> _THE TASK_
In the listing below, find the line that contains "theTAX tv 채흥기" and the line that contains "Scheme of the". Quote both and every line between them, exactly, and nothing more.

----

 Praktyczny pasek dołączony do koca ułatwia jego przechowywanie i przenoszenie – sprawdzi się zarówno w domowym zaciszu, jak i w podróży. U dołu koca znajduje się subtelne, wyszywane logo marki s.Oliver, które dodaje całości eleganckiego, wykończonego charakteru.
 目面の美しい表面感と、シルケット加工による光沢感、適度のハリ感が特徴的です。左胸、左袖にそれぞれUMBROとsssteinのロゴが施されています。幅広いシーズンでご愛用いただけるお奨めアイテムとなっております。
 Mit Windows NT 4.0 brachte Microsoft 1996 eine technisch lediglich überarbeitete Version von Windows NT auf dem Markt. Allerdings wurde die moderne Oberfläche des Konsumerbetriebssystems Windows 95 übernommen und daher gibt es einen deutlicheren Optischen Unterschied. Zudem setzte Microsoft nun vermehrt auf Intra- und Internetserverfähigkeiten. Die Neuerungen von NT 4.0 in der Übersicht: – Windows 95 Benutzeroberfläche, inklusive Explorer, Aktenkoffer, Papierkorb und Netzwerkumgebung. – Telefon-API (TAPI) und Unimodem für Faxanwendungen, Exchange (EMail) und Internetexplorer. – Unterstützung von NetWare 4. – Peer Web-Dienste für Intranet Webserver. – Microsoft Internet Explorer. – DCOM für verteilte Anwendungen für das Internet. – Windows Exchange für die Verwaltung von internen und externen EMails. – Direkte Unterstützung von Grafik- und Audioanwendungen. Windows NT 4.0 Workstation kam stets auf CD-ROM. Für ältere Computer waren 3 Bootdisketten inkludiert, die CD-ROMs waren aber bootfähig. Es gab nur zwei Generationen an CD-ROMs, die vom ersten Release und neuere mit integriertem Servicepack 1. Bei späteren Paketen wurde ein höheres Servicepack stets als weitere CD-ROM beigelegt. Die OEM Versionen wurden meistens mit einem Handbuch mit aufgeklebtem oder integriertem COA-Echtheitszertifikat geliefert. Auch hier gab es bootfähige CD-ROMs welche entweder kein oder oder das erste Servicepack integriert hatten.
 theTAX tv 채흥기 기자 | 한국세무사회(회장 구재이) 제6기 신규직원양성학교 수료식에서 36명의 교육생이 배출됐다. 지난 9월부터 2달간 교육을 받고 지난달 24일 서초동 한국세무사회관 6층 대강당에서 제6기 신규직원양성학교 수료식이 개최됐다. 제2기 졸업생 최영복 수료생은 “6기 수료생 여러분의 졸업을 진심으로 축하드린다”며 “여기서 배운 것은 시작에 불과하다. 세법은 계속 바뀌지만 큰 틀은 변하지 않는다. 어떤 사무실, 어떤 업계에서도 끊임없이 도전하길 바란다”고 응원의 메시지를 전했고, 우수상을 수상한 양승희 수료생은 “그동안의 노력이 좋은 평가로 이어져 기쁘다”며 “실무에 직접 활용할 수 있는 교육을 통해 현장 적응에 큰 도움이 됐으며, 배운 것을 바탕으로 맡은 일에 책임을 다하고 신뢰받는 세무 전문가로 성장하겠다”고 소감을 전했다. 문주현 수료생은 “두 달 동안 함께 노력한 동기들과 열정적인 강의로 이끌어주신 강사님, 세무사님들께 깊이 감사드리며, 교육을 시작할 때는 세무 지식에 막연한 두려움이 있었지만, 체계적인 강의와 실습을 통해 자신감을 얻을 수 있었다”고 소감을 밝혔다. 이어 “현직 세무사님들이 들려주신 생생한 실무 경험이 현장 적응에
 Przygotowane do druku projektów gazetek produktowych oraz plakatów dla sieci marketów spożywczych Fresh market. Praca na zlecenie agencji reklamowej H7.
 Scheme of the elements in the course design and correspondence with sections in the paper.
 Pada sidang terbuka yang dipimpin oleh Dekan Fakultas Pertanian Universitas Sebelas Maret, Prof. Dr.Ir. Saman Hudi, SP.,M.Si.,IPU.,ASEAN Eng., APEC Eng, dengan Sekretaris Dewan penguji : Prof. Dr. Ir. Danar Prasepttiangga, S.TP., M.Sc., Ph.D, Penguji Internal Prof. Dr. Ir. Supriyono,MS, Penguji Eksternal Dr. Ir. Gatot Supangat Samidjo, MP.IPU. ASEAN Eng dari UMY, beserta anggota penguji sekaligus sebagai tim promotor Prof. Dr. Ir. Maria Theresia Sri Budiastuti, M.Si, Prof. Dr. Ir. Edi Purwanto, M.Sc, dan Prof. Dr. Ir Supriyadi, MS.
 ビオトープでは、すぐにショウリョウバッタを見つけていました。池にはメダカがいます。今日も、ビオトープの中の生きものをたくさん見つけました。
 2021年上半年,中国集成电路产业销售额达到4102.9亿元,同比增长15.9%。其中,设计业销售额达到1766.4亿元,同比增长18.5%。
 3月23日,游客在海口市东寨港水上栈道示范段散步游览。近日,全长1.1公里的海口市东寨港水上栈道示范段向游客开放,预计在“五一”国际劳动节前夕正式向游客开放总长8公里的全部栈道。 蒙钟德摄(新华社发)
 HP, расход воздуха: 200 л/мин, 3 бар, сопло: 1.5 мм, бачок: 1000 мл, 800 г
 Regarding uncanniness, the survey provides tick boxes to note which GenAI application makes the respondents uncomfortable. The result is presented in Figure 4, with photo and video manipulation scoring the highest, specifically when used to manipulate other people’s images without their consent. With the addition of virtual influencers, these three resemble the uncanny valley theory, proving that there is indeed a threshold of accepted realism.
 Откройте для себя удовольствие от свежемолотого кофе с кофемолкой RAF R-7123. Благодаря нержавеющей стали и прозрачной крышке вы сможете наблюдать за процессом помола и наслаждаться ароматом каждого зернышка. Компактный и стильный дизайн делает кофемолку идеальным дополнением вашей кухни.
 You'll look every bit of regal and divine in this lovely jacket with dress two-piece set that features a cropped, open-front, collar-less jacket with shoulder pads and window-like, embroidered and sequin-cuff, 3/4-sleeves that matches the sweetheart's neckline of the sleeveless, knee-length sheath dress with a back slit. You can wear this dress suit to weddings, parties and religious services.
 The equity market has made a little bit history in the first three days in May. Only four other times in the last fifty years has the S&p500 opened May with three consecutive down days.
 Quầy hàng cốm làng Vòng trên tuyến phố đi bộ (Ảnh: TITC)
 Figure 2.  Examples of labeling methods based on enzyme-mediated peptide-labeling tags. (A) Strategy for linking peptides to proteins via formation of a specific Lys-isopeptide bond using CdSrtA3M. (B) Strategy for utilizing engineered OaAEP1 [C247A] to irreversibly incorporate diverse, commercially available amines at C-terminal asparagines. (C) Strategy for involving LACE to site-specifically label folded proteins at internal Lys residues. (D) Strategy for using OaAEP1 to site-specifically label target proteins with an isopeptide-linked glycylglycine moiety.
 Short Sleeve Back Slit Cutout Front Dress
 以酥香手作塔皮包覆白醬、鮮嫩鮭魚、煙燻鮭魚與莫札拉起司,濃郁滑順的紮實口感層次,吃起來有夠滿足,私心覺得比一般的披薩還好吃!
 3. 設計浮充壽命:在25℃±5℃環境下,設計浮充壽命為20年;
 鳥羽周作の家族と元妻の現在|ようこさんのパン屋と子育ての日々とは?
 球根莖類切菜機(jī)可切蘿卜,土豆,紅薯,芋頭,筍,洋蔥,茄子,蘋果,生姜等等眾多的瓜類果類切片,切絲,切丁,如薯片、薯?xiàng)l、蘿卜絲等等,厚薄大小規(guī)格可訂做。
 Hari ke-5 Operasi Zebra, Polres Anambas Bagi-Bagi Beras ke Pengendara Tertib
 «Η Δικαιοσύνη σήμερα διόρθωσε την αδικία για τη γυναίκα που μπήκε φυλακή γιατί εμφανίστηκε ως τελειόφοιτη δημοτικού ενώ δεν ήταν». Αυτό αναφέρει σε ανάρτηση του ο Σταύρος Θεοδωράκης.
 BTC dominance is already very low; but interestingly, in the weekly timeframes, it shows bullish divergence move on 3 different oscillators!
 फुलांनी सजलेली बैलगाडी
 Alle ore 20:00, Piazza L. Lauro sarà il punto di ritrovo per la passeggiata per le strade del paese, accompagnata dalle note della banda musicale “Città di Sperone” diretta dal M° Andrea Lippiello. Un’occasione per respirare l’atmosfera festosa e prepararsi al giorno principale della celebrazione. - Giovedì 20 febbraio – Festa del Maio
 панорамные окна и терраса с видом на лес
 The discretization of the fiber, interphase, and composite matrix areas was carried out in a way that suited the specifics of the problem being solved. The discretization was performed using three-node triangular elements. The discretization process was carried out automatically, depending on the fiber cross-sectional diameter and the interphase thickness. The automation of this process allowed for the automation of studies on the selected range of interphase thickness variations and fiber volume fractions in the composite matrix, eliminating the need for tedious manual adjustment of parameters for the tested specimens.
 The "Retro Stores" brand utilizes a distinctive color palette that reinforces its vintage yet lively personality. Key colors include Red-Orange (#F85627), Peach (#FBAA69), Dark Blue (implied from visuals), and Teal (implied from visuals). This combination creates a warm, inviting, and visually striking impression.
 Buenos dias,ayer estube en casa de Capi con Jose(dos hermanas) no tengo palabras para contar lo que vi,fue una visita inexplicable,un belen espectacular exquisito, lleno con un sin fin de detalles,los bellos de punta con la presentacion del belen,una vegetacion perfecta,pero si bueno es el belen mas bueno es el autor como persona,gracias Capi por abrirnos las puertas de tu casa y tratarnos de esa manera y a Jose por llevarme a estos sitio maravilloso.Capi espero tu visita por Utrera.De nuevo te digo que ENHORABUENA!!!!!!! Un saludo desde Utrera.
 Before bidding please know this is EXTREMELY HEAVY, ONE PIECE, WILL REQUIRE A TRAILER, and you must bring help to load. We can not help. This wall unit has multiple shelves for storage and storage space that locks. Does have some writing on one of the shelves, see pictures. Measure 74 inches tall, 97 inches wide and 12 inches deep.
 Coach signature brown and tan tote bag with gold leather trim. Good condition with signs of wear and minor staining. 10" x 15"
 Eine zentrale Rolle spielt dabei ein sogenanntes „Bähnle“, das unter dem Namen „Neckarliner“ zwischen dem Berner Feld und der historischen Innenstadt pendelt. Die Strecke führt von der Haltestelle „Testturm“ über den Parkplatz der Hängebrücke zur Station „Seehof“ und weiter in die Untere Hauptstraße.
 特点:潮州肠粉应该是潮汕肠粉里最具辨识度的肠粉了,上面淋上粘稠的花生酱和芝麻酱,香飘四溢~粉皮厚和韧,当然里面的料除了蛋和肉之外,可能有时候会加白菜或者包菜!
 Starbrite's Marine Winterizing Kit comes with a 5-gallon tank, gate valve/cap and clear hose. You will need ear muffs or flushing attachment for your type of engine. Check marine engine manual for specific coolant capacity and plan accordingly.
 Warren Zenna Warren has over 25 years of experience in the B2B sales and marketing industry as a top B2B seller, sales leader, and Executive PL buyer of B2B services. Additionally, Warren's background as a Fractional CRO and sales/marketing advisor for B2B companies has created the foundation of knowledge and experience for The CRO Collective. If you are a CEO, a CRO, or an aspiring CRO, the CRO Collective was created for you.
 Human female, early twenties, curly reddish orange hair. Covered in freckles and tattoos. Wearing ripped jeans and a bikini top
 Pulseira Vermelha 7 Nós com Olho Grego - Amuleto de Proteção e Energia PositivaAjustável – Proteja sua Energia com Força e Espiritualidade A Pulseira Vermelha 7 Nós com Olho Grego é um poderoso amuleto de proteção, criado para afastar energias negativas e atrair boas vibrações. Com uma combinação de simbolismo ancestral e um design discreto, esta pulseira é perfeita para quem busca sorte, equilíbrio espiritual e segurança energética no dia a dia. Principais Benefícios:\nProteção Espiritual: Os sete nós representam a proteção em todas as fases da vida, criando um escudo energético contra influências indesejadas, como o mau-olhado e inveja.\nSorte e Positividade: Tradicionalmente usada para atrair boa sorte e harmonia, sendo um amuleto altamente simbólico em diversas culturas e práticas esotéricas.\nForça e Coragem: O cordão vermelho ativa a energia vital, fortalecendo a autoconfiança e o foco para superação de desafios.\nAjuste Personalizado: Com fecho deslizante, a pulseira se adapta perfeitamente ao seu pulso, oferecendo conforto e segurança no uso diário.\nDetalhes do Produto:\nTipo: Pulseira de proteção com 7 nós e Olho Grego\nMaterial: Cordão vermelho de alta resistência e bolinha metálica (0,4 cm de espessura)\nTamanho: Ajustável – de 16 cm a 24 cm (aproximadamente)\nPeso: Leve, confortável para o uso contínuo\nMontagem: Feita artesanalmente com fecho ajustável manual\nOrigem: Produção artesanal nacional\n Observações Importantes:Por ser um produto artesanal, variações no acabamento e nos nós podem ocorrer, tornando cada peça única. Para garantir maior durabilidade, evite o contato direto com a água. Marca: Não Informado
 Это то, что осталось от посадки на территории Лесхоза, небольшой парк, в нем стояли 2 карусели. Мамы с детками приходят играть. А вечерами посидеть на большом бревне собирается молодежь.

----

> _SOLUTION FOR THIS EXERCISE_
 theTAX tv 채흥기 기자 | 한국세무사회(회장 구재이) 제6기 신규직원양성학교 수료식에서 36명의 교육생이 배출됐다. 지난 9월부터 2달간 교육을 받고 지난달 24일 서초동 한국세무사회관 6층 대강당에서 제6기 신규직원양성학교 수료식이 개최됐다. 제2기 졸업생 최영복 수료생은 “6기 수료생 여러분의 졸업을 진심으로 축하드린다”며 “여기서 배운 것은 시작에 불과하다. 세법은 계속 바뀌지만 큰 틀은 변하지 않는다. 어떤 사무실, 어떤 업계에서도 끊임없이 도전하길 바란다”고 응원의 메시지를 전했고, 우수상을 수상한 양승희 수료생은 “그동안의 노력이 좋은 평가로 이어져 기쁘다”며 “실무에 직접 활용할 수 있는 교육을 통해 현장 적응에 큰 도움이 됐으며, 배운 것을 바탕으로 맡은 일에 책임을 다하고 신뢰받는 세무 전문가로 성장하겠다”고 소감을 전했다. 문주현 수료생은 “두 달 동안 함께 노력한 동기들과 열정적인 강의로 이끌어주신 강사님, 세무사님들께 깊이 감사드리며, 교육을 시작할 때는 세무 지식에 막연한 두려움이 있었지만, 체계적인 강의와 실습을 통해 자신감을 얻을 수 있었다”고 소감을 밝혔다. 이어 “현직 세무사님들이 들려주신 생생한 실무 경험이 현장 적응에
 Przygotowane do druku projektów gazetek produktowych oraz plakatów dla sieci marketów spożywczych Fresh market. Praca na zlecenie agencji reklamowej H7.
 Scheme of the elements in the course design and correspondence with sections in the paper.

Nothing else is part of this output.